Build infrastructure and they will ride...
Guardian article on results of biking infrastructure in the UK; https://www.theguardian.com/environment/bike-blog/2019/apr/26/if-you-build-t...
Cycle lanes are one of the most efficient and healthiest ways of moving people. A single bike lane can transport five times as many people as a motor traffic lane, without the air and noise pollution. This is good news for everyone, whether you drive, walk or cycle – or breathe. What’s clear from the data, though – despite occasional bizarre claims to the contrary, and attempts to have lanes removed – is that to reap cycling’s benefits you have to build proper infrastructure.
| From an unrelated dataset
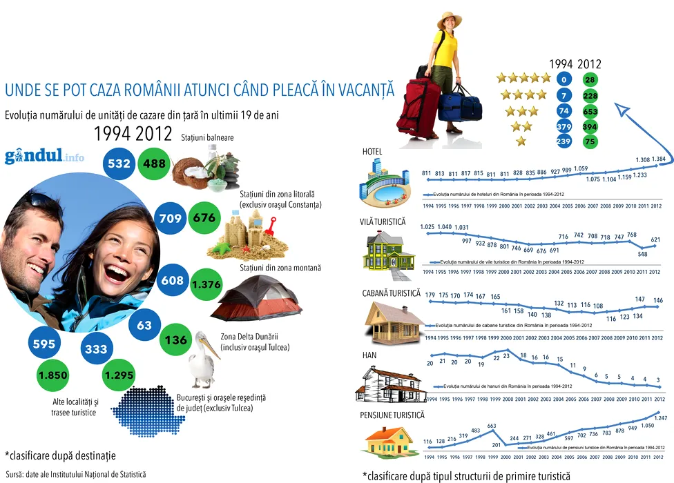 Infograficul zilei. Unde se pot caza românii atunci când pleacă în vacanță. 3.000 de noi hoteluri, pensiuni sau vile deschise în țară în ultimii 19 ani

But if you build it, they will come – and the cycle counters prove it. 2018 was a record year for cycle lane usage in the UK, thanks to the construction of new, high-quality cycle tracks, the growing popularity of existing routes and good networks that feed into those routes. ..... The country’s big hitter for cycling, problems with data collection have hampered publication of digital counts on its two major cycle superhighways, which opened in April 2016. In February 2018, digital counters were installed and soon started displaying prodigious numbers By August, 574,304 cycle trips had been logged on CS6, the north-south cycle superhighway, and by October 1,654,441 trips on CS3, the east-west route. After that, both counters failed and were switched off, but the CSH counters blog estimates they would have logged more than 3m cycle trips by Christmas. Using manual counts, Transport for London has recorded up to a 200% increase in cycling on the east-west route, and 124% on the north-south route, compared with numbers pre-construction. The city’s walking and cycling commissioner, Will Norman, announced on Tuesday that the counters were fixed again. Closure of streets to through motor traffic – filtering – also boosts cycling. Goldsmiths Row in Hackney, where more people commute by bike than by car, was filtered in 2013. The cycle counter has logged 6.28m rides so far – an average of 3,917 on weekdays and 1,854 on weekends. It is estimated 1.4 million people used the route in 2018; in 2017 it was 1.1 million. ...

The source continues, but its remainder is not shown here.